Walking Through Santa Teresa at Dusk
Mosaic Steps and Cachaca Sunsets: Dusk in Santa Teresa
Santa Teresa sits on a hill above downtown Rio, connected to the city below by the bonde - the yellow streetcar that groans and clatters up the tracks on Rua Almirante Alexandrino with the patient determination of something that has been climbing this hill since 1877. I rode it up and stepped off into a neighborhood that felt like it had seceded from the rest of the city and established itself as an independent republic of art, crumbling plaster, and extremely good cachaca.
The streets are steep and cobblestoned, lined with colonial mansions in various states of repair - some restored to their nineteenth-century grandeur, others wearing their decay like a badge of character. Bougainvillea erupted from every wall and fence in fuchsia and orange, and the late afternoon light turned the painted facades into a warm palette of ochre, terracotta, and a faded blue that Brazilians call azul colonial.

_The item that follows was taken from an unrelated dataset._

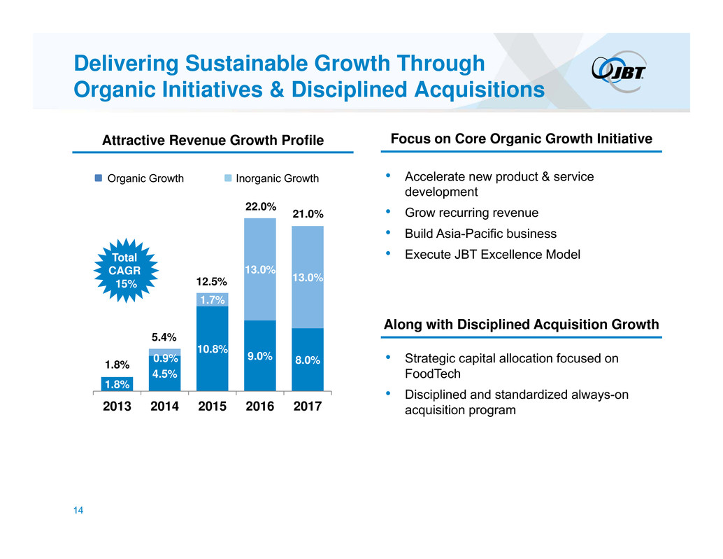 $1.7-1.8B in sales by 2019 $1.6B+ in sales; Grew business by 75% since 2013

I started at the Escadaria Selaron, the mosaic staircase created by Chilean artist Jorge Selaron, who spent twenty years covering 250 steps in tiles from sixty countries. The staircase is often crowded, but at five in the evening the day-trippers had thinned, and I climbed slowly, reading the tiles - messages, patterns, faces - each one placed by hand by a man who called this staircase his "tribute to the Brazilian people" and whose obsession is visible in every grout line.
Dinner was at Bar do Mineiro on Rua Paschoal Carlos Magno, a restaurant so thoroughly embedded in Santa Teresa's identity that removing it would change the neighborhood's DNA. The feijoada was served in a clay pot, thick with black beans and pork, accompanied by rice, farofa, and sliced orange. I ate on the veranda overlooking the rooftops, watching the sky turn from blue to amber to a deep violet that seemed to rise from the bay below like smoke. A parrot - wild, green, unconcerned - landed on the railing and eyed my farofa with professional interest.
After dinner, I walked downhill along Rua Dias de Barros, past galleries and ateliers where artists work with their doors open. Music leaked from somewhere - samba, acoustic, the kind that one guitar and one voice can make when both are good. The streetlamps cast circles of yellow on the cobblestones, and the shadows of the colonial buildings fell across the road like sleeping giants.
Santa Teresa is not easy - the hills are steep, the streets are uneven, and the neighborhood requires the kind of attention that all beautiful, complicated places demand. But at dusk, when the light goes soft and the city below dissolves into a glitter of windows and headlights, it becomes something close to perfect. I stood at a miradouro - a lookout point - on Rua Aprazivel and watched Rio light up, and I thought: this is why people climb hills.